Un communiqué de la MAP datant de juillet 2002 précise à cet égard que «la procédure d’expulsion requise par la Cour d’appel de Paris, a été rendue effective ce mardi après l’arrêt prononcé par la 14e Chambre de la Cour d’appel, le 5 juillet dernier, considérant que l’Etat chérifien a fait donation en 1949 de cette maison à l’Université de Paris et que cette occupation illégale empêchait la cité internationale de développer l’esprit de compréhension, de solidarité et d’amitié internationale et de coordonner l’activité des différentes maisons, mandat général spécifié par la convention entre la cité et la chancellerie des Universités de Paris. (…) Une fois réhabilitée, conclut le communiqué, la Maison du Maroc accueillera, à sa réouverture, principalement des étudiants et chercheurs marocains, et s’ouvrira davantage à des étudiants d’autres nationalités, pour favoriser le rayonnement de la culture marocaine dans la cité de Paris. Ce brassage reflète l’esprit et l’éthique des fondateurs de la cité»  (http://www.tinghir.org/article.php3?id_article=448).

 

Fini donc en tout cas, depuis plusieurs années, ce mode de présence 'culturelle' et 'académique' marocaines à Paname des Lumières, par lequel une catégorie d'étudiants marocains «méprisés, réprimés, bafoués dans leurs droits au Maroc [et] qui ont fui la misère, le chômage, le désespoir, espérant trouver une meilleure vie en France» - selon les termes du diagnostic d'un communiqué émanant à l'époque de la Jeunesse des Démocrates Marocains à l'Etranger (http://www.jdme.ras.eu.org/pdf/1-10-2001.pdf) - s'acquittait de sa mission de rayonnement culturel et de travail "au progrès de la science et à l'entente des nations" dans une esprit "d'émulation affectueuse".

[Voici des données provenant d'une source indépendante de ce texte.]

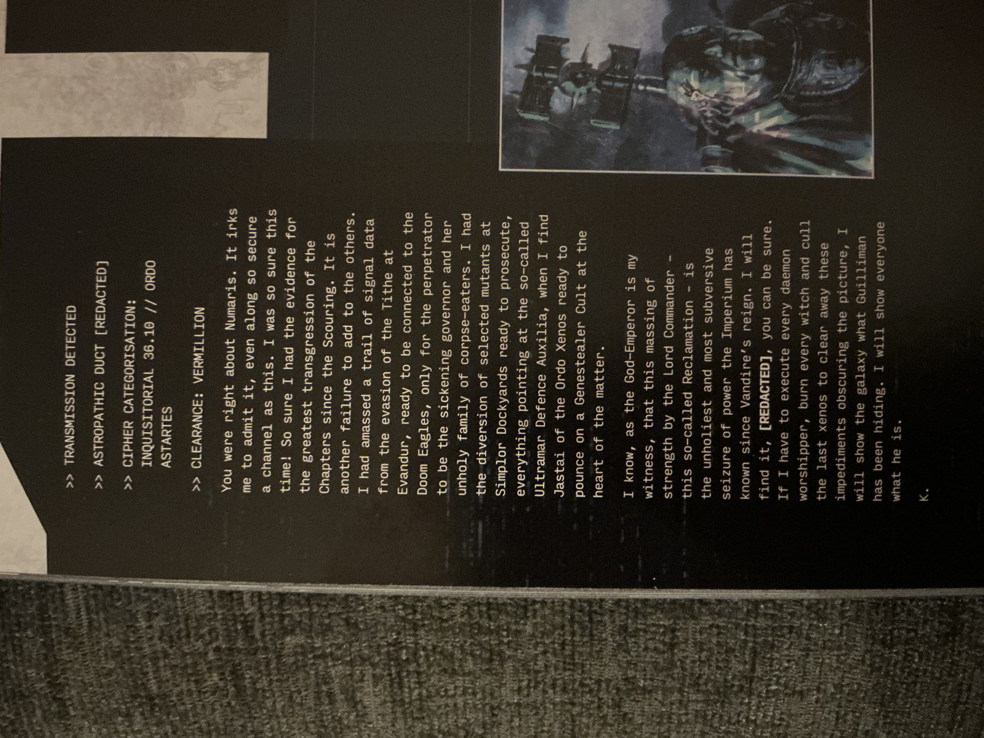 The reclamation of the 500 Worlds of Ultramar is presented as a long term endeavour. This book at least does not chart the beginning, middle and end. Indeed, I’d argue it’s only setting a larger stage. Which I kinda like, and I hope the other *however many books* in the End of Edition Narrative follow suit, and likewise set up some theatres of war for us to play in come 11th. And if I’m being really hopeful? Feels like there’s the room for a global campaign which might allow us to shape things.

Cette génération avait en fait transformé la Maison du Maroc en une buvette populaire qui assurait à tout passant, en une sorte de compétition avec la Mosquée de Paris, un service permanant de thé marocain à la menthe. Un service qui tourne dans certaines occasions en un véritable commerce forain saisonnier : des groupes barbus ou imberbes, selon les vents idéologiques, débarquent et campent avec de gigantesques bouilloires, braséros portatifs et cartons de sucres et de menthes, pour alimenter certaines caisses noires, sur le fond cacophonique de tout un souk de foyers de discours misérabilistes où  l'esprit "d'émulation affectueuse" et de "travail au progrès de la science et à l'entente des nations" fait place à l'esprit du 'Hrig' et du ‘clandestinisme’ comme modes et perspectives de vie de l'étudiant.

Un étudiant qui promet pour chaque année prochaine la soutenance d'une 'thèse' pas comme les autres. Une thèse  sur "L'ethno-socio-culturalité micro-économique du Marocain à travers le lexique de la poésie érotique d'un auteur soufi anonyme du Moyen Age: approche multidimensionnelle et transdisciplinaire" !

Fini également le temps où le népotisme makhzénien chez les responsable administratifs, l'associativisme, le régionalisme, et le 'partisanat' de tout acabit parmi les 'comités de résidents', faisaient - en une connivence d'apparence conflictuelle - office de cadre gestionnaire de la présence marocaine dans cet espace magnifique de jeunesse savante, créé par des esprits de l'ordre d'André Honorat, Paul Appel, Deutsch de la Meurthe et autres. Une 'présence' dont l'espace avait fini par tourner en un gîte aux 'thésardataires'  à vie, qui finissent souvent par se déclarer exilés politiques  et en une auberge de personnes avancées en âge pour toute une classe de missionnaires de conditions moyennes: des quinquagénaires et plus, de différentes institutions marocaines, qui préfèrent faire l'économie de leurs perdiem ou de leurs allocations forfaitaires pendant la durée de leurs bourdonnements ‘scientifique’ et culturel à Paname dans le cadre des échanges ethno-socio-culturels, et ce afin de pouvoir passer, au terme de leurs séjours, non pas par la FNAC ou à Gilbert Jeune, mais par la Samaritaine ou juste par C&A, avant de rentrer chez eux, dans le bled, via les espaces 'Dutty free' des aéroports, pour procéder enfin de compte à l'ouverture solennelle des paquets en guise de justification d'absence et de rapport de mission.

 

Mais toutes ces tares maintenant éliminées, faute de combattants et/ou de champ de bataille, cela constituerait-il, à lui seul et en soi, l'idéal recherché? Et la présence marocaine de l'après cinquantenaire de l'Indépendance et à l'aube des horizons stratégiques de l'avenir, qu'en est-il aujourd'hui dans cet espace cosmopolite savant de la CIUP, qui a l'air actuellement de traverser une phase de grande mue sur le plan des échanges ethniques et de civilisation depuis la chute du Mur de Berlin, l'extension de l'Union Européenne et l'émergence en force de l'Asie d'Extrême Orient?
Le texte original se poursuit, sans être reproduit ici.